How can I define a ⊕ operator?



What is wrong with the following code?

CirclePlus := SparseArray[Band[{1, 1}] -> {##}] &
a_ ⊕ b_ := CirclePlus[a, b]

SetDelayed::write: Tag Function in (SparseArray[Band[{1,1}]->{##1}]&)[a_,b_] is Protected. >>

I want to define the operator ⊕ to work like +,-,*,/, so it can be used as a ⊕ b.

Eden Harder

Posted 2014-01-08T03:45:35.137

Reputation: 1 075

2CirclePlus := SparseArray[Band[{1, 1}] -> {##}] &; Normal[a\[CirclePlus]b] – Dr. belisarius – 2014-01-08T03:51:06.883

@belisarius Thanks! Can you explain why? and I want to define the operation \[CirclePlus] like +,-,*,/ which can be used as a \[CirclePlus] b. – Eden Harder – 2014-01-08T04:53:49.077

3@EdenHarder Then you should define it as CirclePlus[a_, b_] := SparseArray[Band[{1, 1}] -> {a, b}] and this can be used as a ⊕ b. – rm -rf – 2014-01-08T05:12:07.353

@rm-rf Thanks! Can you analyze the error in my original code to teach me a lesson? – Eden Harder – 2014-01-08T05:17:19.980

Certainly! But I'm afraid I'll have to write it in the morning... it's night time here and I'm sleepy. Sorry about that, but I'll come back to it. – rm -rf – 2014-01-08T05:57:42.857


Related: Specifics of usage and internal work of Set functions

– Mr.Wizard – 2014-01-08T13:52:55.097



CirclePlus is a built-in symbol already with no meaning for the kernel, but meaning in the front-end.
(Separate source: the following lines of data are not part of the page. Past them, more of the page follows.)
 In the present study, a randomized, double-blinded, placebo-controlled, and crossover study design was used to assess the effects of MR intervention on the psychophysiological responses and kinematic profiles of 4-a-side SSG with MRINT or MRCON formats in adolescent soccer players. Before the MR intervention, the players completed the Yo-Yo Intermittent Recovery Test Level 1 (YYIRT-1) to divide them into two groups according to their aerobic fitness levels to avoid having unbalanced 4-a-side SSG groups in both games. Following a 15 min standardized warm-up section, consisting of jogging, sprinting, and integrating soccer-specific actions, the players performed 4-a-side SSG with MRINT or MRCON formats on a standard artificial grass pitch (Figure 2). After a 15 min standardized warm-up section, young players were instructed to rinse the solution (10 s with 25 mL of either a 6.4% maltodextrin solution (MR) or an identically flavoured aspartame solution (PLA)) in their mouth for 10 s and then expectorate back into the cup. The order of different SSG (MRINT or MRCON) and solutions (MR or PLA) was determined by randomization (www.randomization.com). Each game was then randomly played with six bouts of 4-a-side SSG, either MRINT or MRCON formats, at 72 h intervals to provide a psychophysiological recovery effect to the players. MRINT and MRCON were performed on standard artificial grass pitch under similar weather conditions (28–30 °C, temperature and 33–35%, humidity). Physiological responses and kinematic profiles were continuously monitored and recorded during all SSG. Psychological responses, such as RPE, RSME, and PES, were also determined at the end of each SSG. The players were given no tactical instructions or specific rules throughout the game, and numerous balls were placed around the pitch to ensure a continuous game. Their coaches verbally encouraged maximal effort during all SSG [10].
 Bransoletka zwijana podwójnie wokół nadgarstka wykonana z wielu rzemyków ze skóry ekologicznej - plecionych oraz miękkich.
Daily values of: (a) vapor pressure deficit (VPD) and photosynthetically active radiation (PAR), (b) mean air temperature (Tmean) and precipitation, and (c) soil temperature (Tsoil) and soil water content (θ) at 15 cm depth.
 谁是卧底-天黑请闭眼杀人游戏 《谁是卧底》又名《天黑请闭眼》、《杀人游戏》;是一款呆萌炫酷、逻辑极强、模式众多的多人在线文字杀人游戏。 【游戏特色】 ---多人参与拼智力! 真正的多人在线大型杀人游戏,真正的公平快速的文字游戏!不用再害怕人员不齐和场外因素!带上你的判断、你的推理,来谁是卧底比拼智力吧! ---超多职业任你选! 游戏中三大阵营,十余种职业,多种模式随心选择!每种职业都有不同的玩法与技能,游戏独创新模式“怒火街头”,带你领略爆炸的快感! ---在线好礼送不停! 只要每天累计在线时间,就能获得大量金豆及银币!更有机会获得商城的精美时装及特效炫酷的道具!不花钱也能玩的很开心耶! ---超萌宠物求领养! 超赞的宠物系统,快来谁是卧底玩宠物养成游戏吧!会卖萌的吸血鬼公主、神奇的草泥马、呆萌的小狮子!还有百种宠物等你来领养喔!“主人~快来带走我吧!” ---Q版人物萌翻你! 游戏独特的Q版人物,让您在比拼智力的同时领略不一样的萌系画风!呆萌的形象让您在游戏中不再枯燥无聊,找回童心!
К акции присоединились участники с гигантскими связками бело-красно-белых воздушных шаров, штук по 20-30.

The second definition tried to use the first definition (with head 'Function'), which is protected. (Note the pattern [a_,b_] appearing in the error message, which tells you the left-hand-side is the issue.)

Just one line is enough as @rm-rf said, like this...

a_ ⊕ b_ := SparseArray[Band[{1, 1} -> {a, b}]]

The front-end translates for you into CirclePlus - this is what I meant when said that it has meaning in the front-end.

More detailed explanation

I was thinking that what I said may not be clear enough, in the sense that the workings of SetDelayed (aka :=) were not clearly exposed.

The fact that SetDelayed has attribute HoldAll does not mean that the expression on the left is not evaluated by the kernel in order to determine which head the defining rule gets attached to. No, it is actually evaluated!

Let me illustrate with a simple and quick example. If you execute the following

MyX[1] := Y;
MyX[x_] := Z;

then which heads are being defined here?

MyX[1][a_] := a^2;
MyX[x][a_] := a;

Ask the kernel!


Y defs


Z defs

Interesting, ah?

So, this is what happened in your case. CirclePlus was undefined for the kernel until you gave it the first definition without a pattern. When you attempted the second one, the kernel already knew something about the head and try to evaluate it and got Function. There the evaluation stopped and then it tried to associate the second rule with this Function head - error.

By the way, be careful your definition only knows about CirclePlus[a,b], but the front end treats a ⊕ b ⊕ c as a single CirclePlus[a,b,c], which is unknown to the kernel with the definition provided.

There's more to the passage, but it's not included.